**YOUR GOAL**
Your answer should hold only the lines from the start of the data below through the line with "3M REFLECTIVE TAPE", copied exactly, with pictures left out.

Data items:
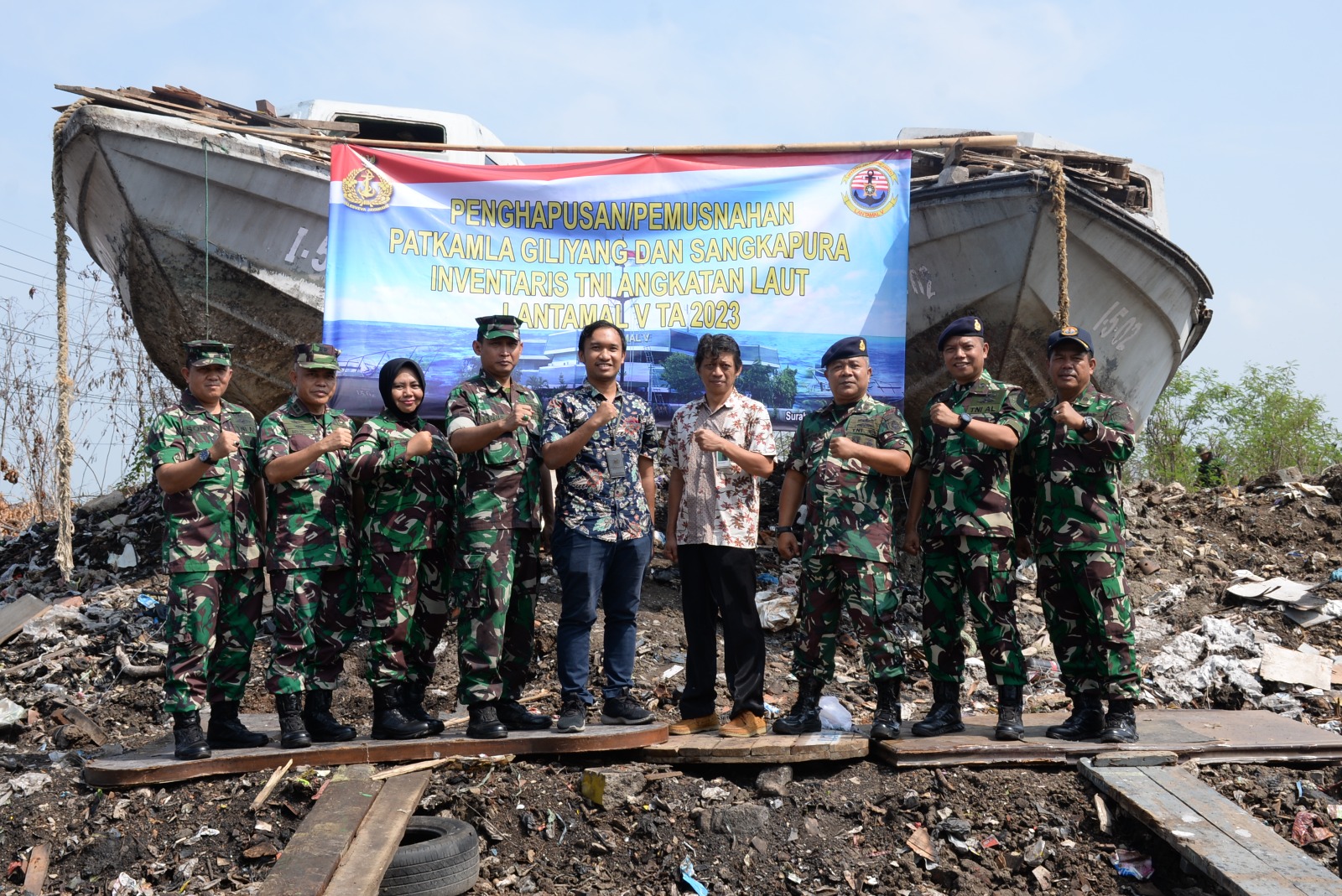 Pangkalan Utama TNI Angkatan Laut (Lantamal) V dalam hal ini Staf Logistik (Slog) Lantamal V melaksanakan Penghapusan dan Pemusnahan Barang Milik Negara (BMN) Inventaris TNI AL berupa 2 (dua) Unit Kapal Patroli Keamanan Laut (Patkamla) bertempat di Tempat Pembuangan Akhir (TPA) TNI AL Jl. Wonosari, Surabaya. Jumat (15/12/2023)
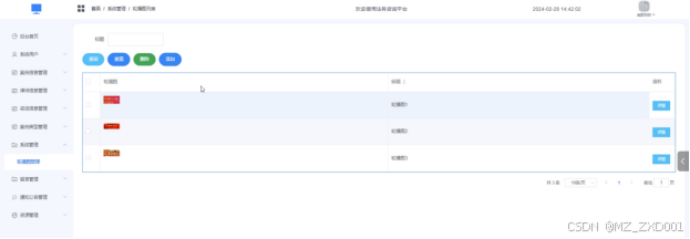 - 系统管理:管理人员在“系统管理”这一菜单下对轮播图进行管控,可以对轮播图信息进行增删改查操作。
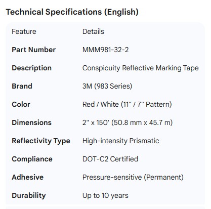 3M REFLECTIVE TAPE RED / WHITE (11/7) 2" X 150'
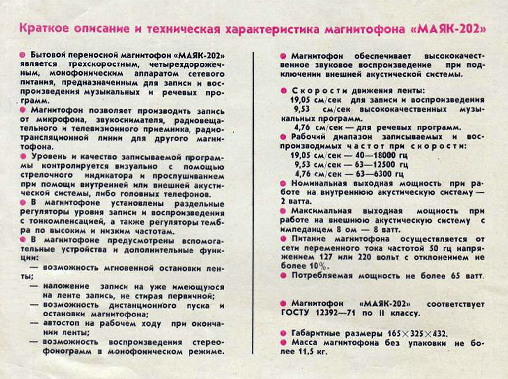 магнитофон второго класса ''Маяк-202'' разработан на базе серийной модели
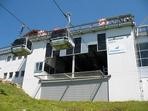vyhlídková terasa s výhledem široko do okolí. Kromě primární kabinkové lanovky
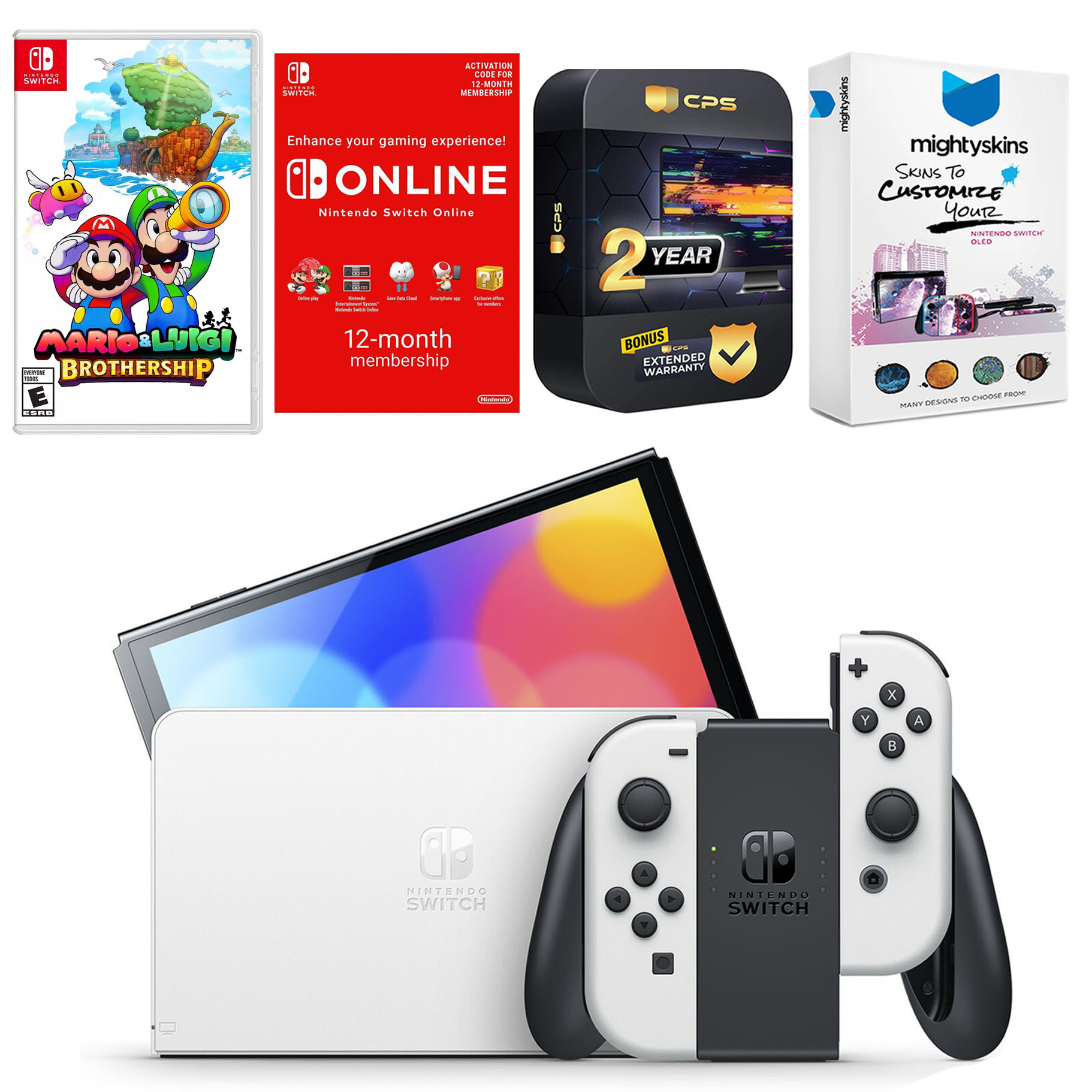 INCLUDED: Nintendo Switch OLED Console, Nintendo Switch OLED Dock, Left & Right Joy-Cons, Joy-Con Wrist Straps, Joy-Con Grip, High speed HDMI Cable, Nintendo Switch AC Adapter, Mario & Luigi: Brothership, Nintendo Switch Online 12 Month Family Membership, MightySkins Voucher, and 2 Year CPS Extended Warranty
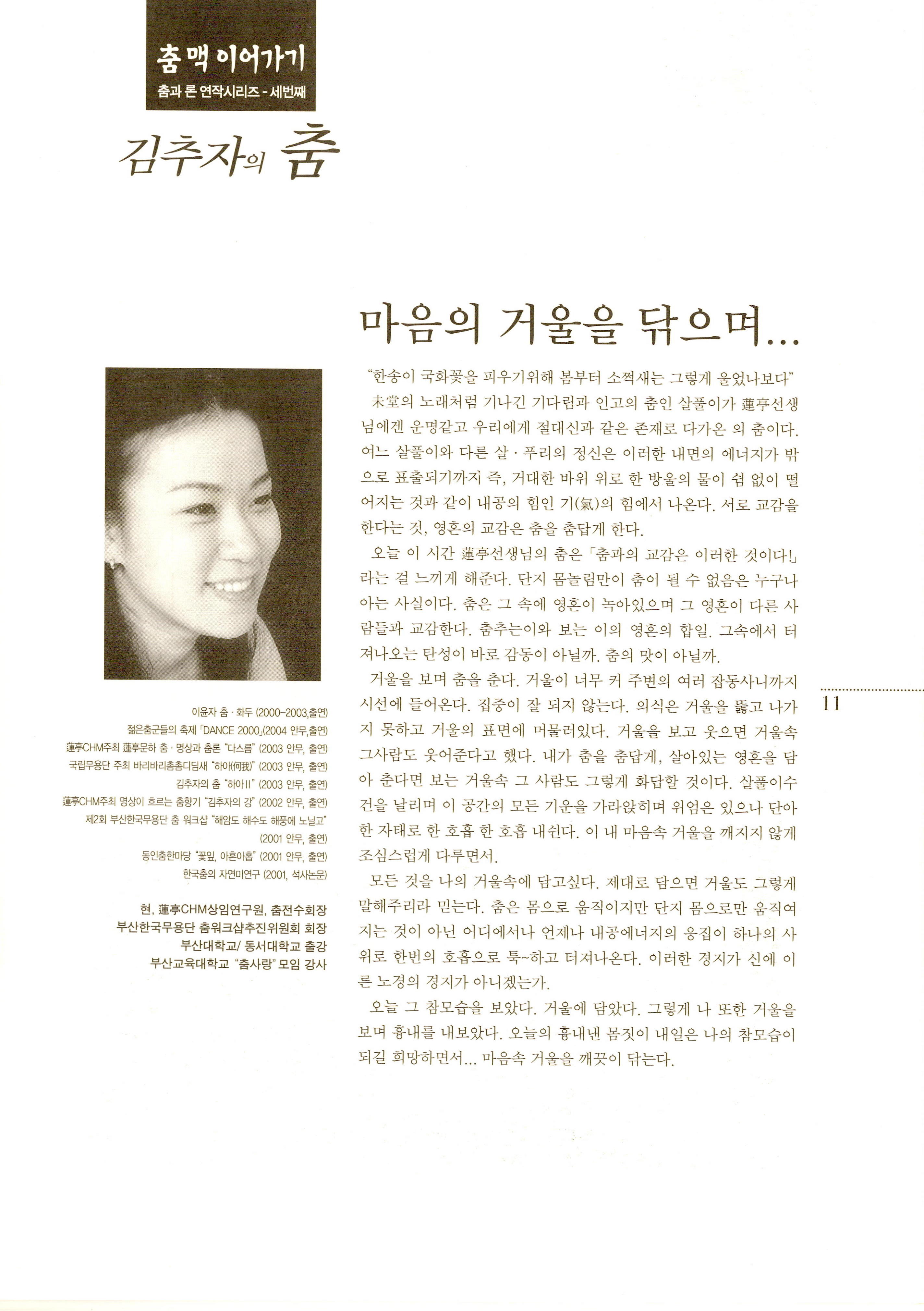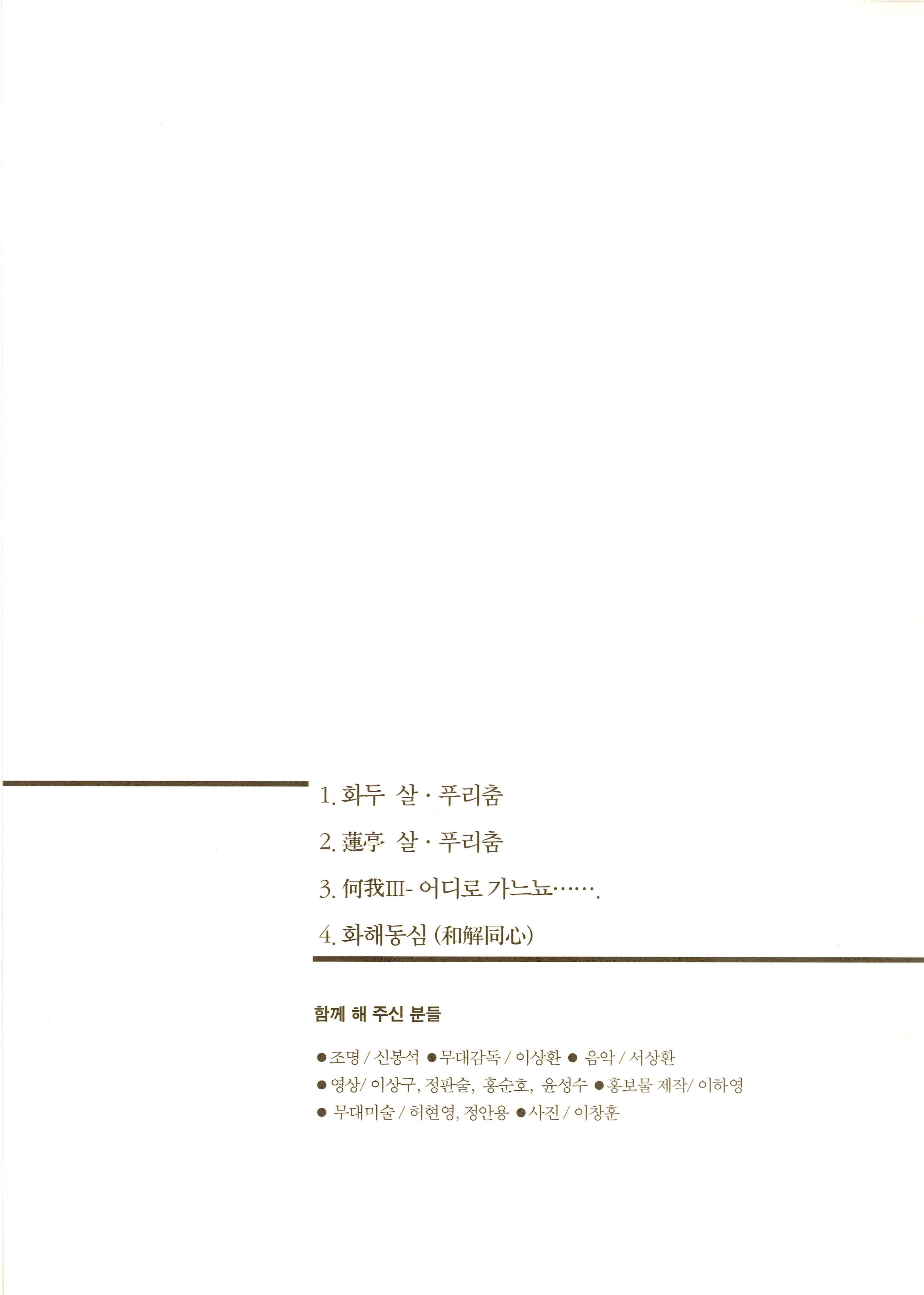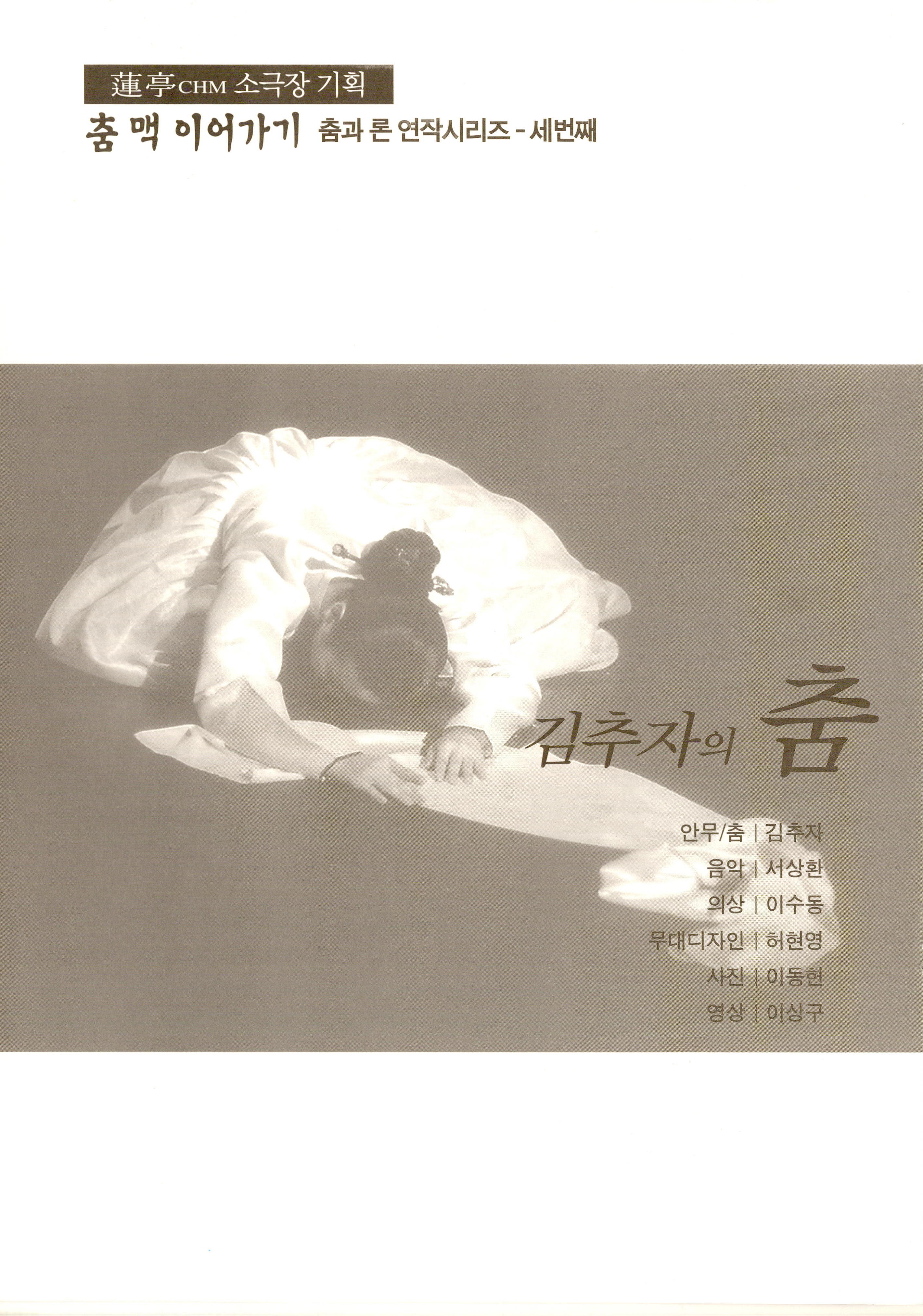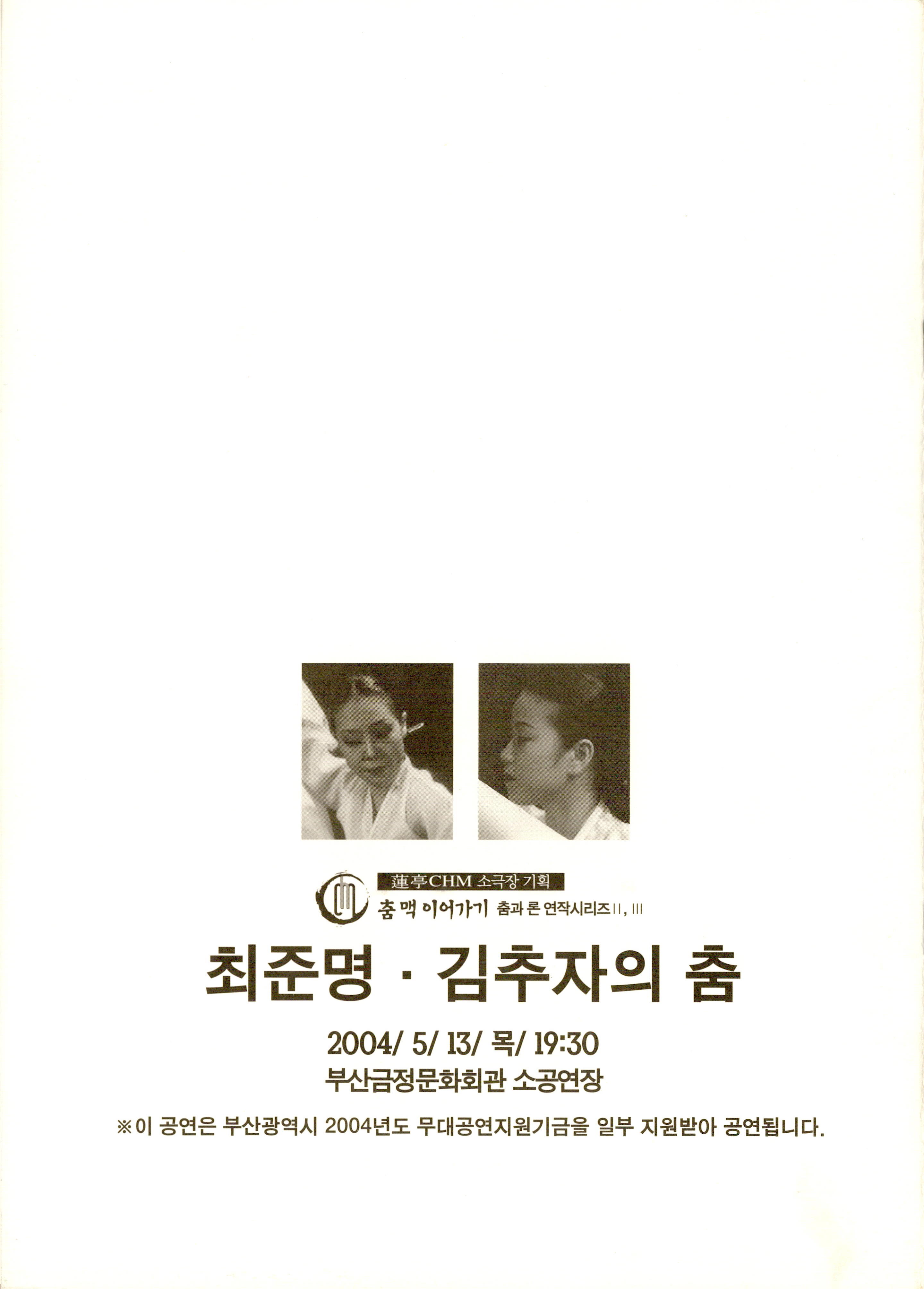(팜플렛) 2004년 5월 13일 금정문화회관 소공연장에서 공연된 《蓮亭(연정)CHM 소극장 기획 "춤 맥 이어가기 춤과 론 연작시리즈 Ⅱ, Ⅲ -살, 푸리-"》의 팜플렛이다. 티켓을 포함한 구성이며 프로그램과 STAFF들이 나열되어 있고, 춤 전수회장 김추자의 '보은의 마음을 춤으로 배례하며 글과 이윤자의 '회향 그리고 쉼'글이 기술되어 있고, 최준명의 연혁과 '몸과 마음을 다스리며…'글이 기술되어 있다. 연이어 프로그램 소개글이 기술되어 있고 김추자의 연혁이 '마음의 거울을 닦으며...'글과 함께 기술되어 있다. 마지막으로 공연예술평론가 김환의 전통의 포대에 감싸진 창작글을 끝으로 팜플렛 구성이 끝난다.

**EXERCISE RESPONSE**
 Pangkalan Utama TNI Angkatan Laut (Lantamal) V dalam hal ini Staf Logistik (Slog) Lantamal V melaksanakan Penghapusan dan Pemusnahan Barang Milik Negara (BMN) Inventaris TNI AL berupa 2 (dua) Unit Kapal Patroli Keamanan Laut (Patkamla) bertempat di Tempat Pembuangan Akhir (TPA) TNI AL Jl. Wonosari, Surabaya. Jumat (15/12/2023)
 - 系统管理:管理人员在“系统管理”这一菜单下对轮播图进行管控,可以对轮播图信息进行增删改查操作。
 3M REFLECTIVE TAPE RED / WHITE (11/7) 2" X 150'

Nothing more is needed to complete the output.